Another form of divergence is bearish. When the MACD starts to rise from below zero, you’ll get a bearish signal. A bearish divergence can take many forms. Sometimes the MACD will make a lower High, sometimes a lower Low. Typically, bearish divergences precede a price reversal. In addition to being a negative signal, they can alert you to an impending peak. Traders can combine bearish MACD signals to create stronger and more robust signals.
Often, the signal line for the MACD will also crossover the signal line for the moving average. This can produce multiple false signals. If you’re looking for a stronger signal, however, it’s best to look for a longer and sharper divergence. Regardless of the type of divergence, you should avoid jumping out of your trades because of the signal. Instead, you should analyze the underlying trend and study past situations to better prepare for what might happen in the future.

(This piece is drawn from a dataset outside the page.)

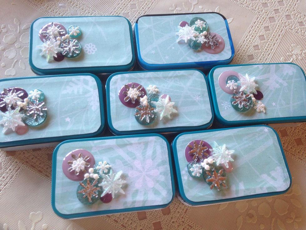 Use adhesive to attach cut-to-size papers to top and bottom of tin.

EUR/USD pair is turned neutral with current retreat
The EUR/USD is currently in a neutral position as the pair is trading below a descending trend line. This is an example of a corrective phase. A strong support for the pair can be found at a 20 SMA level at around 1.0510. While the pair is below this line, there is still some room for upside. Traders must be cautious when considering this move as the pair is in a weaker state than it was just a few days ago.
In the meantime, the US Dollar is gaining ground in global markets. This is likely to continue as global risk aversion continues to fuel a safe haven buck. However, the EUR/USD may be experiencing a new round of weakness as the pair trades under heavy selling pressure. Markets will be waiting on the outcome of the EU summit to see whether or not European leaders will agree to strong measures to ease the debt crisis in the euro zone.
The ECB is also scheduled to release its decision later this week. Investors are hoping the bank will announce a major step to alleviate the debt crisis in the eurozone.
Meanwhile, the FT reports that the EU is considering a merger of its two bailout funds. That could prove to be a good move for the EU as it would give it greater flexibility and strength.
The euro has been in a downward trend since the beginning of the year. It has recovered some of its lost ground after US non-farm payrolls data was released last Friday. However, the euro remains under pressure due to deteriorating economic conditions in the European Union. The Fed’s recent hawkish remarks weigh on the currency.